Exploiting the voltage-gated Ca²⁺ channels and calmodulin in unicellular microbes like Acanthamoeba spp. has proven to be effective in killing this microbe [3, 4]. Ca²⁺ ion chelation with EDTA and structural analogues can repurpose them for the treatment of AK and possibly granulomatous amoebic encephalitis. In-depth understanding of the dependencies of this protist pathogen on cardinal nutrients and vital minerals is expected to uncover mechanisms and pathways which can be targeted. In addition, the recently reported use of EDTA in the eye for breaking Ca²⁺ ion mediated adhesions in keratopathy and the use of pirenoxine in prevention of the progression of presbyopia [5, 6] reflect the safety of their use in the human eye.
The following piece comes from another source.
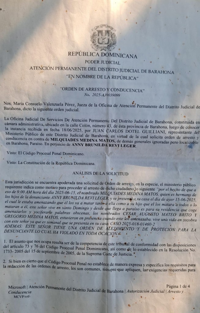 La ciudadana informó que contra el señor Medina Matos existe una orden de arresto y conducencia, emitida por la jueza María Consuelo Valenzuela Pérez, de la Oficina de Atención Permanente de Barahona, bajo el número 2025-AJ0039099.
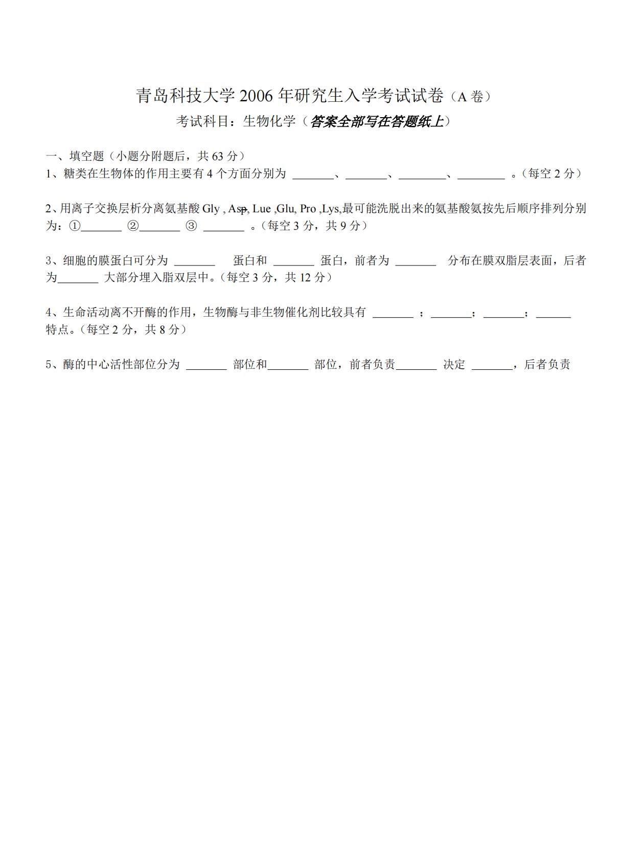 青岛科技大学2006年研究生入学考试试卷(A卷)考试科目:生物化学(答案全部写在答题纸上)一、填空题(小题分附题后,共63分)1、糖类在生物体的作用主要有4个方面分别为、、、。(每空2分)2、用离子交换层析分离氨基酸Gly,Asp,Lue,Glu,Pro,Lys,最可能洗脱出来的氨基酸氨按先后顺序排列分别为:①②③。(每空3分,共9分)3、细胞的膜蛋白可分为蛋白和蛋白,前者为分布在膜双脂层表面,后者为大部分埋入脂双层中。(每空3分,共12分);;;4、生命活动离不开酶的作用,生物酶与非生物催化剂比较具有特点。(每空2分,共8分)5、酶的中心活性部位分为部位和部位,前者负责决定,后者负责青岛科技...

In Acanthamoeba spp., Ca²⁺ influx, its passage through voltage-gated channels [3], and cardinal cellular events that occur subsequent to the binding of this divalent cation to calmodulin [4] are novel molecular targets that can be exploited to gain therapeutic benefits in AK. By inhibition of the influx of Ca²⁺ in the trophozoites of this protist pathogen, we show the vulnerability of Acanthamoeba spp. to this divalent cation, which could be implemented in human clinical trials to treat AK. To the best of our knowledge, this is the first report of drug-induced chelation of Ca²⁺ ion in trophozoites of A. castellanii that has shown antiproliferative and amoebicidal effects. We advocate that these two agents could be exploited in the management of AK. Firstly, adding to contact lens cleaning liquids may minimise the risk of acquiring AK infection in frequent contact lens users; and secondly, through drug development and translational clinical trials, repurposing of agents like EDTA and pirenoxine as an adjunctive topical therapy for patients with AK may aid in the management of this disease. These measures could have substantial impact on the prevention of long-term corneal damage and sight loss in AK.